> **Given material**:
- - -
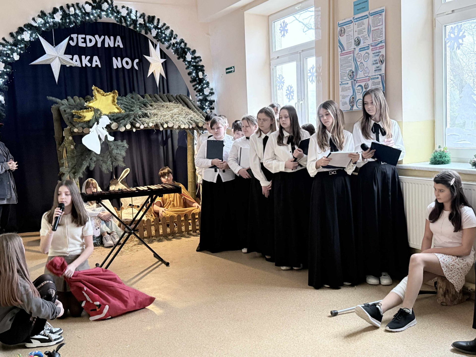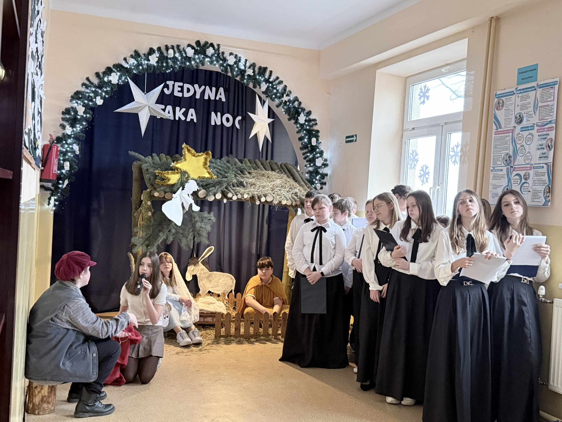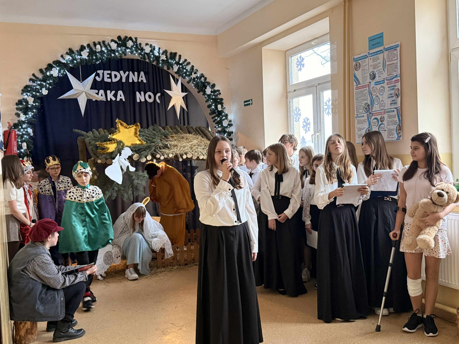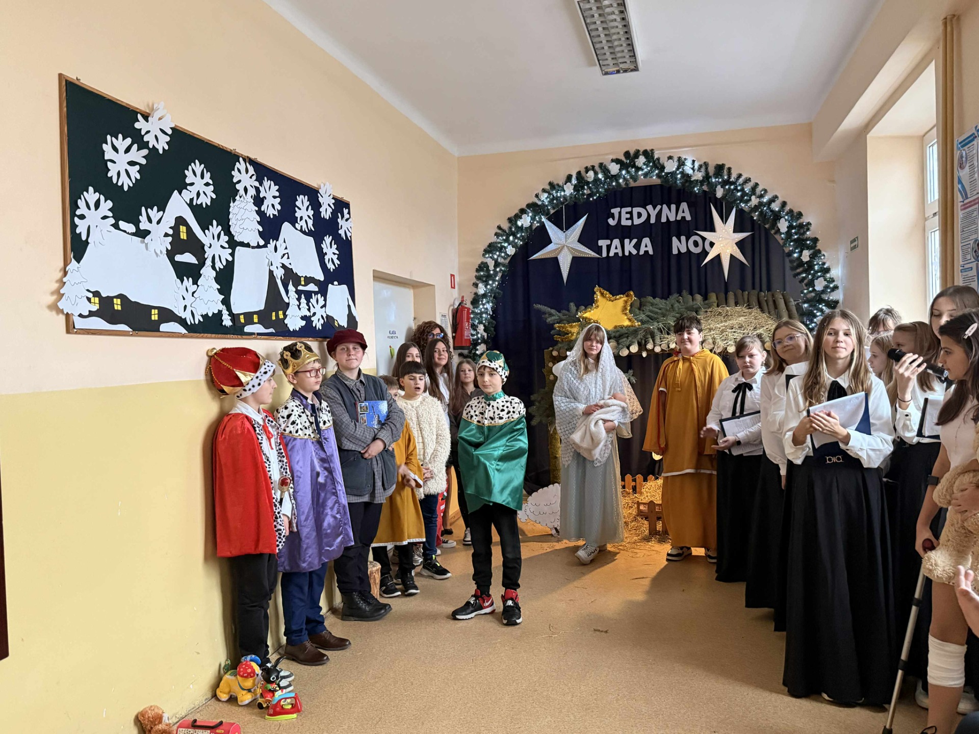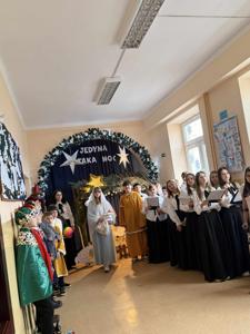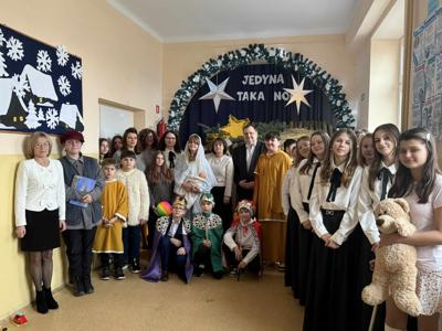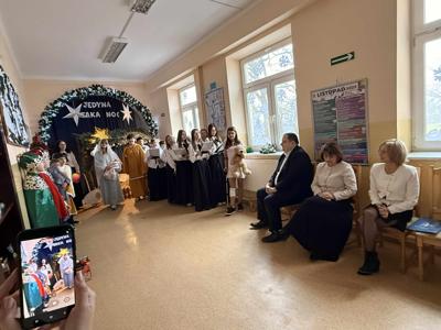 18 grudnia 2025 roku w naszej szkole odbyła się wyjątkowa uroczystość – Jasełka pt. „Jedyna taka noc”, które wprowadziły całą społeczność szkolną w atmosferę nadchodzących Świąt Bożego Narodzenia. Na początku spotkania pani Dyrektor Beata Cieślak serdecznie powitała zaproszonych gości – Michał Łuczak - wójt gminy Kutno oraz Elżbietę Koralewską -Kowalczyk – Sekretarz Gminy Kutno, rodziców oraz uczniów, nauczycieli i pracowników szkoły, dziękując wszystkim za obecność i wspólne świętowanie tego szczególnego czasu. Po oficjalnym powitaniu odbyły się piękne Jasełka zatytułowane „Jedyna taka noc”, przygotowane przez panią Edytę Rożnowską oraz panią Małgorzatę Ambroziak. O oprawę muzyczną zadbała pani Joanna Majtczak wraz z chórem „Wroczyńskie nutki”. W przedstawieniu wystąpiły dzieci z klas 6, 5 i 3, które z dużym zaangażowaniem i wzruszającą grą aktorską zaprezentowały współczesną historię narodzin Jezusa. Po zakończeniu Jasełek głos zabrali zaproszeni goście, którzy skierowali do zgromadzonych ciepłe, świąteczne życzenia, podkreślając wartość wspólnoty, tradycji oraz wzajemnej życzliwości. Występ uczniów dostarczył wielu wzruszeń i radości, przypominając o istocie świąt oraz sile wspólnego przeżywania tych wyjątkowych chwil. Uroczystość przebiegła w serdecznej i rodzinnej atmosferze, stając się pięknym podsumowaniem mijającego roku oraz wspaniałym wprowadzeniem w czas Bożego Narodzenia. A jutro ciąg dalszy świętowania, bowiem odbędą się wigilie klasowe.
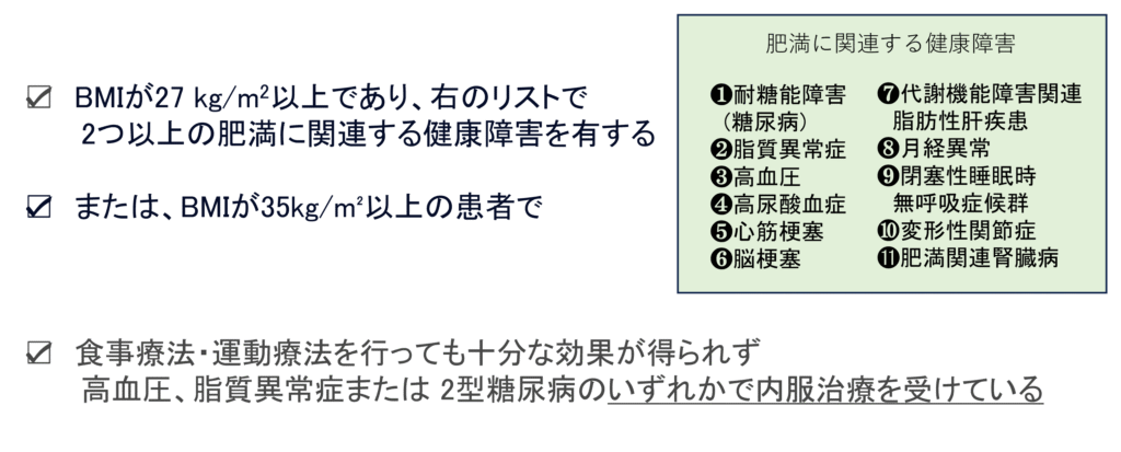 肥満症の治療薬の開発に関しては、過去にも多くの挑戦がされてきましたが、副作用や効果が不十分で、高い効用をもって使用できる薬がない時代が続いてきました。近年、糖尿病診療においてセマグルチド(商品名:オゼンピック®)とチルゼパチド(商品名:マンジャロ®)が、体重減少作用を有する血糖降下薬として広く使用されるようになってきた背景の中で、過体重や肥満の成人が参加したSTEP臨床試験プログラムの結果に基づき、2023年に肥満症を適応症としたGLP-1受容体作動薬セマグルチド(ウゴービ®)が承認され、2024年2月に発売されました。ウゴービ®は、空腹感を軽減し満腹感を高めて食事量を減らし、カロリー摂取を抑え体重減少を促す週1回の皮下注射製剤です。2024年12月には持続性GIP/GLP-1受容体作動薬であるチルゼパチド(ゼップバウンド®)がSURMOUNT臨床試験に基づき、肥満症を適応として承認され、2025年4月発売されました。ゼップバウンド®は中枢神経系におけるGIP、GLP-1受容体を介した食欲調節と脂肪細胞におけるGIP受容体を介した脂肪分解亢進による体重減少作用を有する週1回の皮下注射製剤です。臨床試験「SURMOUNT-5試験」では、2型糖尿病を有さない肥満の成人751人を対象に、ウゴービ®とゼップバウンド®の減量効果が確認されています。治療期間は72週間で、両薬剤を最大推奨用量(ウゴービ®2.4mg、ゼップバウンド®15mg)で週1回投与したところ、体重変化率はウゴービ®群で体重の13.7%(約15.0 kg)、ゼップバウンド®群で体重の20.2%(約22.8 kg)減少し、両者の薬剤の有効性が確かめられています。どちらの薬剤にするかは、個々の患者さんへの相性を見極めながら、消化器症状などの有害事象にも考慮して選択します。薬物に依存せずライフスタイルの適正化に取り組みやすい方の薬剤選択を行うことが大切です。ウゴービ®とゼップバウンド®はどこでもだれでもダイエット目的で使用できるわけではありません。当院はこれらの薬を使用することが承認されている医療機関ですが、使用できる肥満症の要件が厳格に決められています。図6に肥満症治療薬の使用要件を示しますが、使用前には必ず主治医に要件にあてはまるか確認するようにしてください。
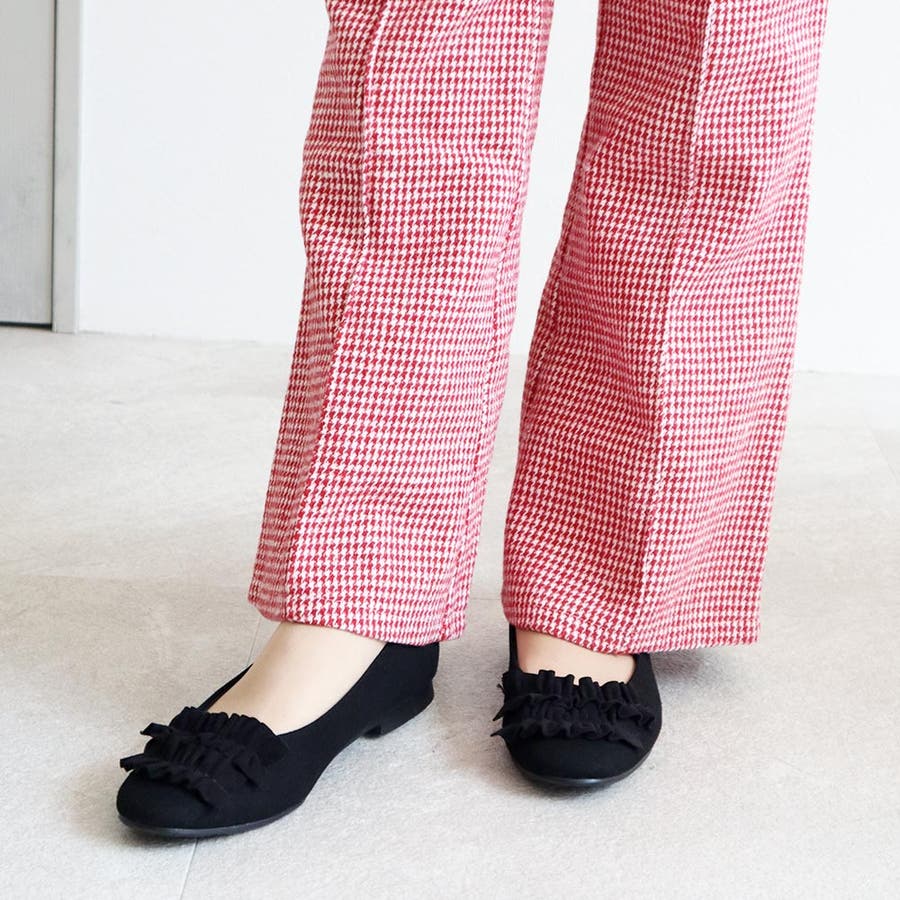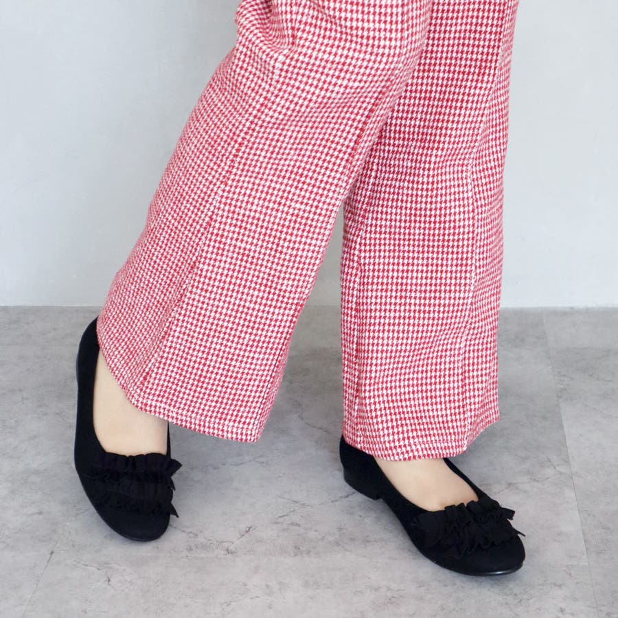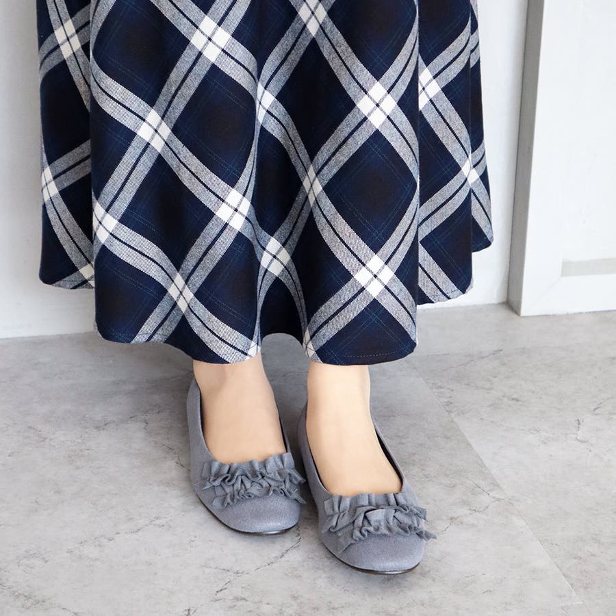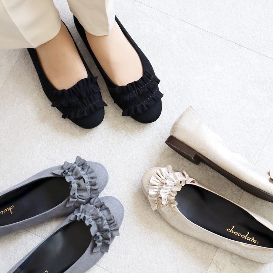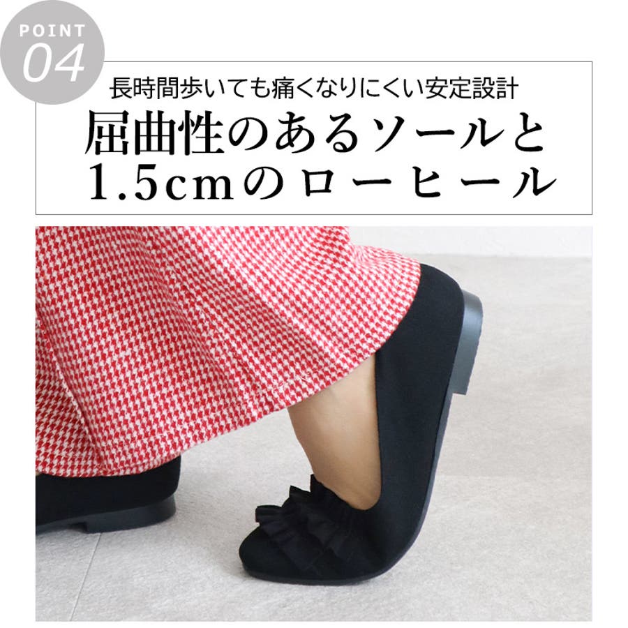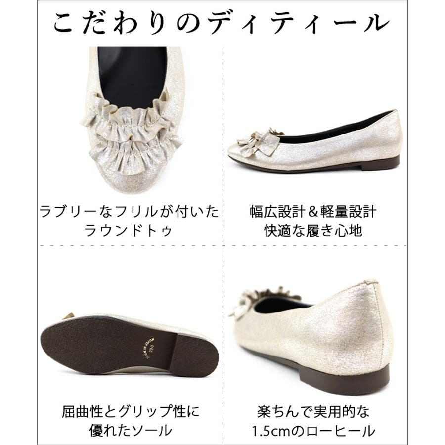 日本製 ラウンドトゥ フリル バレエパンプス ローヒール 幅広
- - -
> **What you should do**: Reproduce each line above exactly, but not a single picture.

> **Answer to this task**:
 18 grudnia 2025 roku w naszej szkole odbyła się wyjątkowa uroczystość – Jasełka pt. „Jedyna taka noc”, które wprowadziły całą społeczność szkolną w atmosferę nadchodzących Świąt Bożego Narodzenia. Na początku spotkania pani Dyrektor Beata Cieślak serdecznie powitała zaproszonych gości – Michał Łuczak - wójt gminy Kutno oraz Elżbietę Koralewską -Kowalczyk – Sekretarz Gminy Kutno, rodziców oraz uczniów, nauczycieli i pracowników szkoły, dziękując wszystkim za obecność i wspólne świętowanie tego szczególnego czasu. Po oficjalnym powitaniu odbyły się piękne Jasełka zatytułowane „Jedyna taka noc”, przygotowane przez panią Edytę Rożnowską oraz panią Małgorzatę Ambroziak. O oprawę muzyczną zadbała pani Joanna Majtczak wraz z chórem „Wroczyńskie nutki”. W przedstawieniu wystąpiły dzieci z klas 6, 5 i 3, które z dużym zaangażowaniem i wzruszającą grą aktorską zaprezentowały współczesną historię narodzin Jezusa. Po zakończeniu Jasełek głos zabrali zaproszeni goście, którzy skierowali do zgromadzonych ciepłe, świąteczne życzenia, podkreślając wartość wspólnoty, tradycji oraz wzajemnej życzliwości. Występ uczniów dostarczył wielu wzruszeń i radości, przypominając o istocie świąt oraz sile wspólnego przeżywania tych wyjątkowych chwil. Uroczystość przebiegła w serdecznej i rodzinnej atmosferze, stając się pięknym podsumowaniem mijającego roku oraz wspaniałym wprowadzeniem w czas Bożego Narodzenia. A jutro ciąg dalszy świętowania, bowiem odbędą się wigilie klasowe.
 肥満症の治療薬の開発に関しては、過去にも多くの挑戦がされてきましたが、副作用や効果が不十分で、高い効用をもって使用できる薬がない時代が続いてきました。近年、糖尿病診療においてセマグルチド(商品名:オゼンピック®)とチルゼパチド(商品名:マンジャロ®)が、体重減少作用を有する血糖降下薬として広く使用されるようになってきた背景の中で、過体重や肥満の成人が参加したSTEP臨床試験プログラムの結果に基づき、2023年に肥満症を適応症としたGLP-1受容体作動薬セマグルチド(ウゴービ®)が承認され、2024年2月に発売されました。ウゴービ®は、空腹感を軽減し満腹感を高めて食事量を減らし、カロリー摂取を抑え体重減少を促す週1回の皮下注射製剤です。2024年12月には持続性GIP/GLP-1受容体作動薬であるチルゼパチド(ゼップバウンド®)がSURMOUNT臨床試験に基づき、肥満症を適応として承認され、2025年4月発売されました。ゼップバウンド®は中枢神経系におけるGIP、GLP-1受容体を介した食欲調節と脂肪細胞におけるGIP受容体を介した脂肪分解亢進による体重減少作用を有する週1回の皮下注射製剤です。臨床試験「SURMOUNT-5試験」では、2型糖尿病を有さない肥満の成人751人を対象に、ウゴービ®とゼップバウンド®の減量効果が確認されています。治療期間は72週間で、両薬剤を最大推奨用量(ウゴービ®2.4mg、ゼップバウンド®15mg)で週1回投与したところ、体重変化率はウゴービ®群で体重の13.7%(約15.0 kg)、ゼップバウンド®群で体重の20.2%(約22.8 kg)減少し、両者の薬剤の有効性が確かめられています。どちらの薬剤にするかは、個々の患者さんへの相性を見極めながら、消化器症状などの有害事象にも考慮して選択します。薬物に依存せずライフスタイルの適正化に取り組みやすい方の薬剤選択を行うことが大切です。ウゴービ®とゼップバウンド®はどこでもだれでもダイエット目的で使用できるわけではありません。当院はこれらの薬を使用することが承認されている医療機関ですが、使用できる肥満症の要件が厳格に決められています。図6に肥満症治療薬の使用要件を示しますが、使用前には必ず主治医に要件にあてはまるか確認するようにしてください。
 日本製 ラウンドトゥ フリル バレエパンプス ローヒール 幅広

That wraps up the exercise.